Stanhope Locker has new owners with big plans

-Messenger photo by Billie Shelton
Wes Zanker cuts meat at the Stanhope Locker, assisted by employee Austin Vandivier.

STANHOPE — The new owners of the venerable Stanhope Locker have lots of plans for the business that has been a mainstay in the community since 1946. For Wes and Shaunna Zanker, they see it as an opportunity to “bring the reputation of the business back to what it used to be, to put Stanhope back on the map,” as Wes puts it.

And the young couple couldn’t be more excited to take on the challenge since they assumed ownership of the business as managing partners about three weeks ago. There have been many 16-hour days since, tempered by the surge of support from the community. “It’s very encouraging. It’s nice to feel support from everyone around us,” Shaunna Zanker said. “Even owners of other lockers in the area have been very helpful to answer our questions.”

Wes, 35, was employed at the locker for four years when he was younger, when he learned about the business, including butchering animals and cutting meat. For the past eleven years, he has been a supervisor at a grocery warehouse in Des Moines, but he says that working at the locker previously was his favorite job ever. And until last fall he didn’t think he’d ever be back there.

That’s when Shaunna Zanker decided to pursue her husband’s dream for him and contacted the then-owner of the business, although the locker wasn’t for sale at the time. Her persistence won out, though. “And five months later, here we are,” she said with a big smile.

Shaunna Zanker, 30, who grew up in Webster City and graduated from ICCC with an associate degree in human services, handles customer service and other details in the front of the locker, while Wes is busy tending to other aspects of the business.

“I figure I like people enough that this will work,” she commented.

Under new ownership, the locker will once again be processing pork. For now, that service is available only for custom processing, but soon there will be pork available in the retail coolers at the locker. Already Wes is making beef jerky, a standard offering at the locker for years. Along with beef, the locker also processes deer, and can assist owners with injured animals if needed.

The Zankers are joined in the business by partners Andy and Amy Walsh, who have owned and operated a successful restaurant and bar in Waukee for 11 years.

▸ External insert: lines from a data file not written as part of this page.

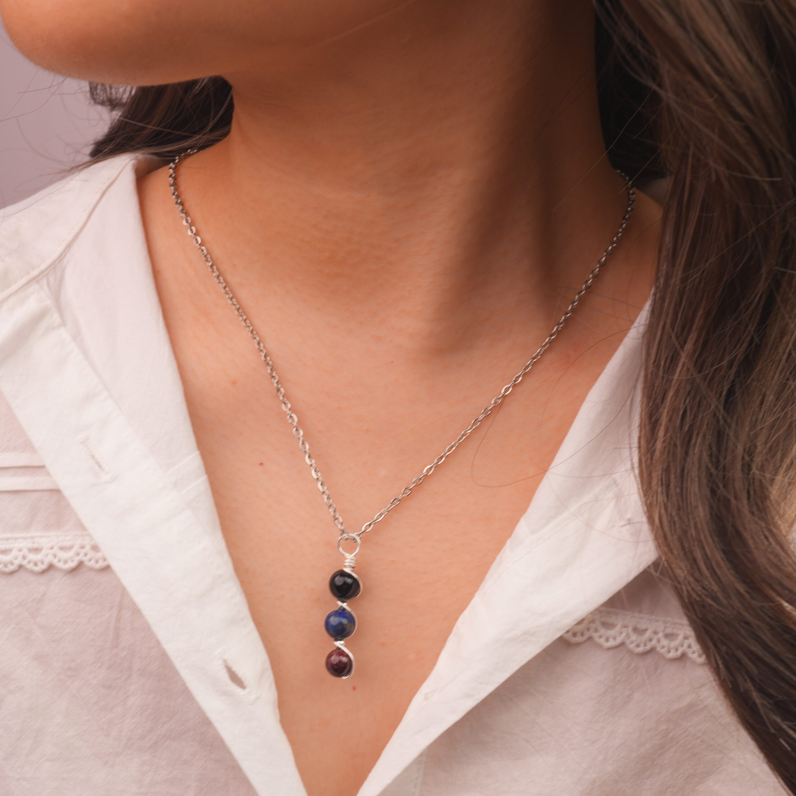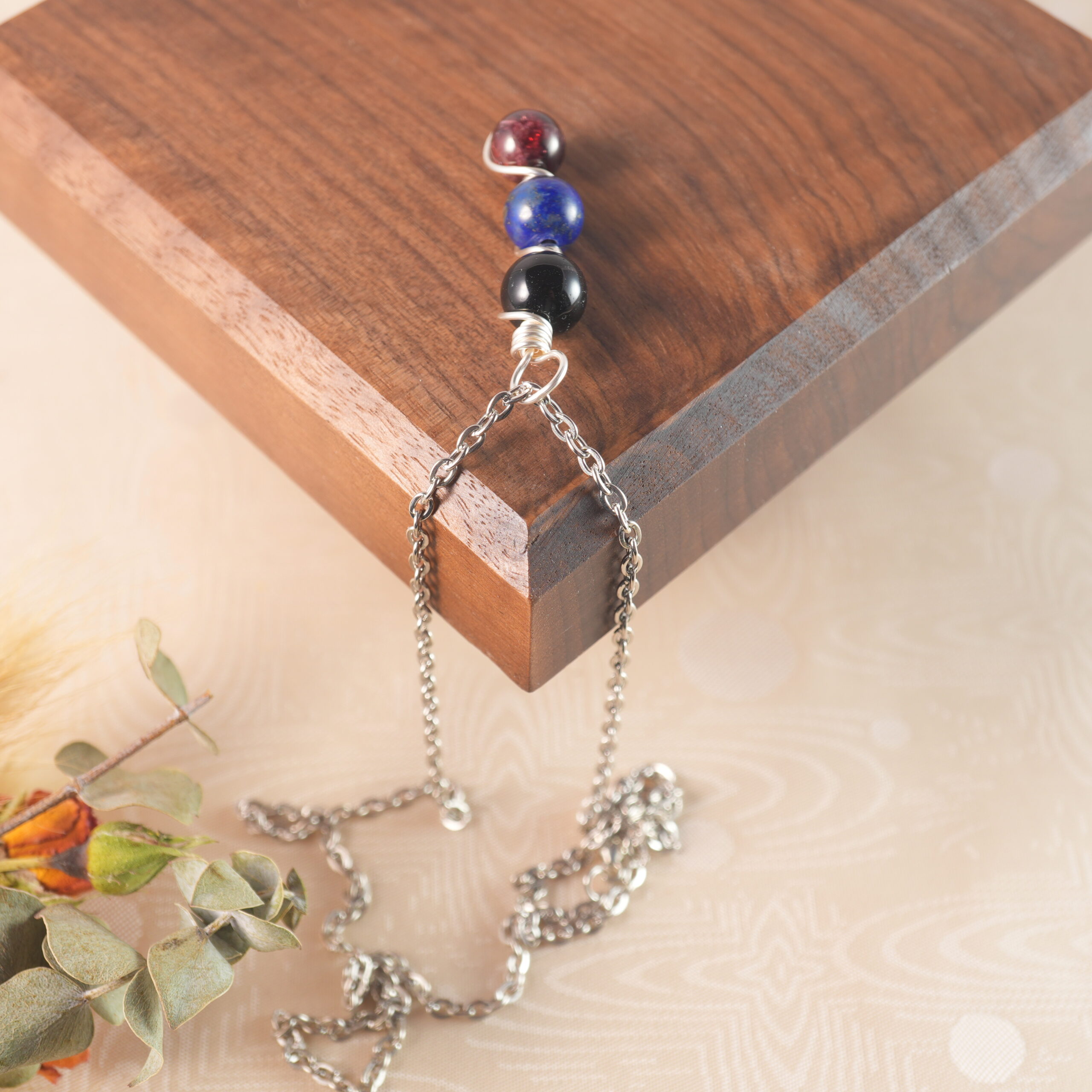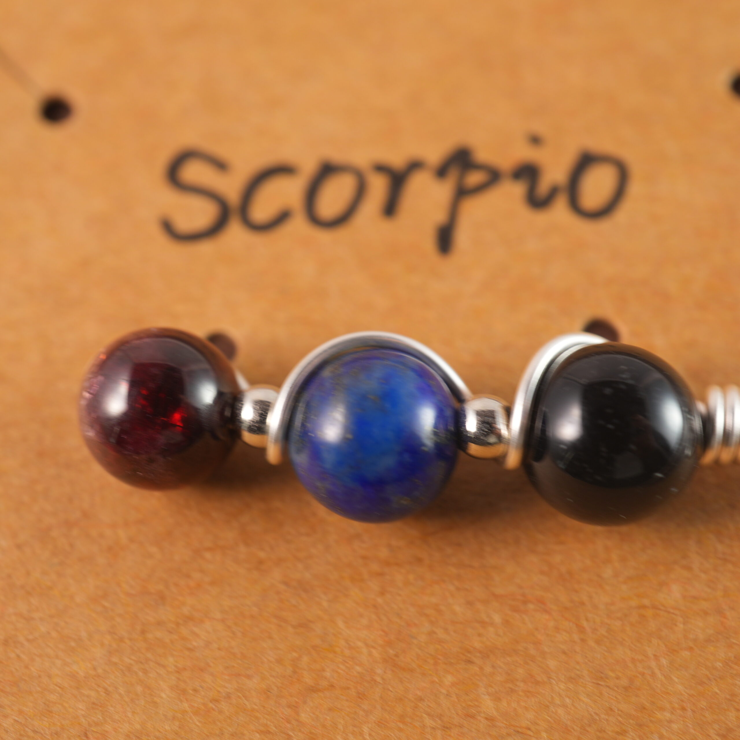 Scorpio Zodiac Necklace featuring Obsidian, Lapis Lazuli, and Garnet, blending protection, wisdom, passion, focus, and mystery. Crafted to support Scorpio’s intensity, intuition, and emotional depth. A powerful birthstone gift for transformation, strength, and inner truth.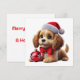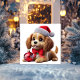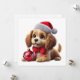 Envie um toque de magia festiva com este doce cachorrinho dourado em um chapéu e laço de Papai Noel, acompanhado por um enfeite vermelho brilhante. Ideal para espalhar calor e alegria nas festas de fim de ano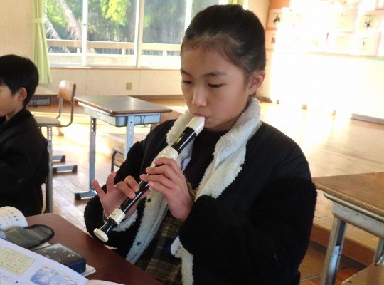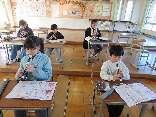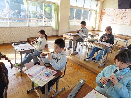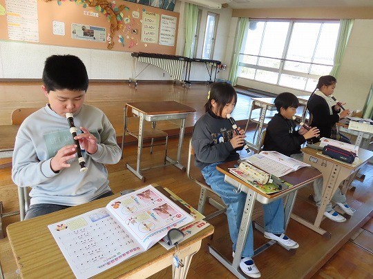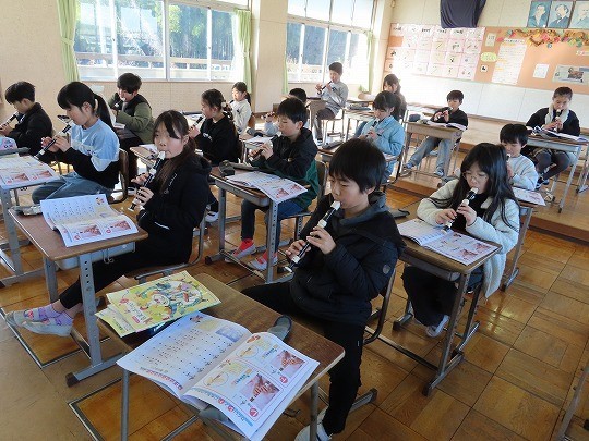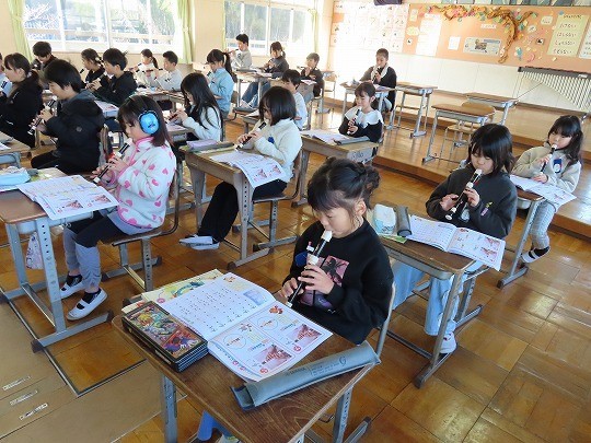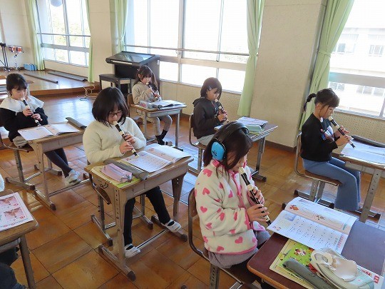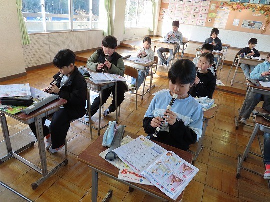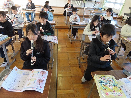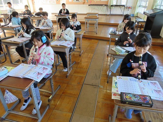 3年生の音楽は、リコーダーの練習をしていました。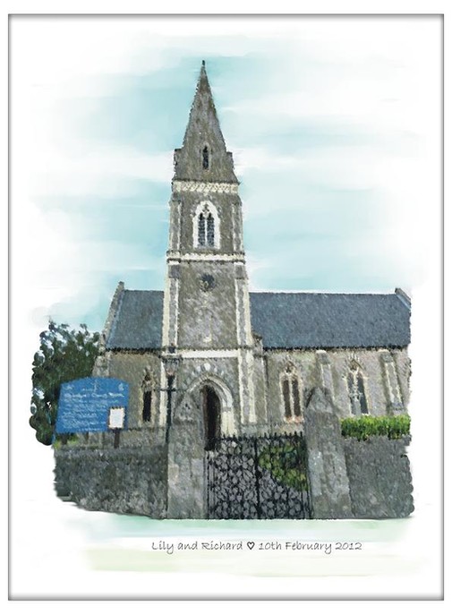 - Wedding venue photo transformed digitally into the style of a watercolour painting.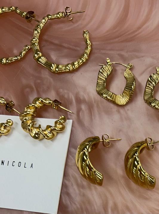 The Sophie Earrings from By Nicola are made from stainless steel and 18k gold plated. Waterproof, tarnish resistant and come packaged in a small gift pouch.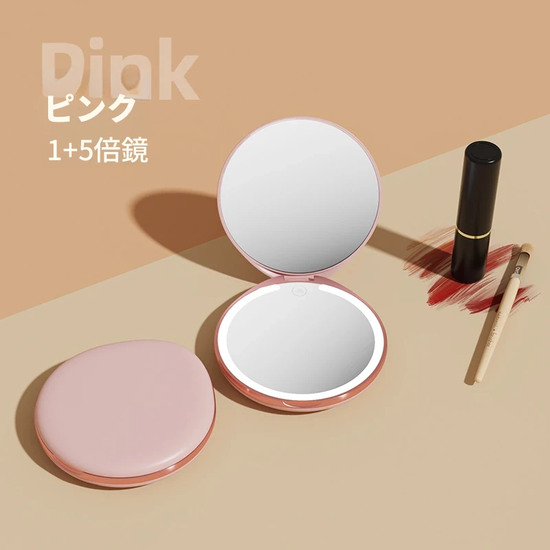 携帯用両面鏡-ピンク【三色調整可/1倍+5倍】

Andy Walsh has a degree in culinary arts.

According to Shaunna Zanker, new at the locker will be deli items such as cheese from Lost Lake Farm, sodas, buns, potato salad, condiments, and other items to make a meal or a picnic.

“We’ll have grill packages and tailgate packages for people who want to stop and get something on their way to an ISU game. They can call ahead to order what they want, and then grab and go,” she said. “We’ll be putting together some packages for Memorial Day too.

“We plan to fill these big coolers just as fast as possible,” she said. “We’ll have fresh meat for retail sale every day. And meat and cheese trays will be available to order, too.”

Business hours at the locker are 8 a.m. to 5: p.m. Monday through Friday, and 8 a.m. to noon on Saturdays.

In the midst of all these plans, the Zankers are starting on a facelift for the solid brick building that’s been a kingpin on Stanhope’s main street for more than 125 years.

“It needs to look as good as our product is,” Shaunna Zanker said.

Wes Zanker grew up in and around Stanhope, which could be why he’s so focused on making sure the locker thrives once again. “People want to know where their food comes from now,” he noted. “There’s lots of interest in the food-to-fork movement.”

“In a small town, small businesses are really important,” adds his wife. “We’re passionate about this town, and we want to keep contributing and bringing business to town.” The couple, married four years, lives a few miles outside of Stanhope with sons Lakin, 11, and Baylin, almost 2.

An unusual feature at the locker is the locker boxes that can be rented for customers to store their meat. There are 42 lockers that were used by many families before it was common to have a home freezer.

Shaunna Zanker sums it up from her desk that overlooks the sales floor when she says, “We’re excited to be here and anxious to be a bigger part of the community. It’s really great to have everyone’s support and to hear their memories of this locker.”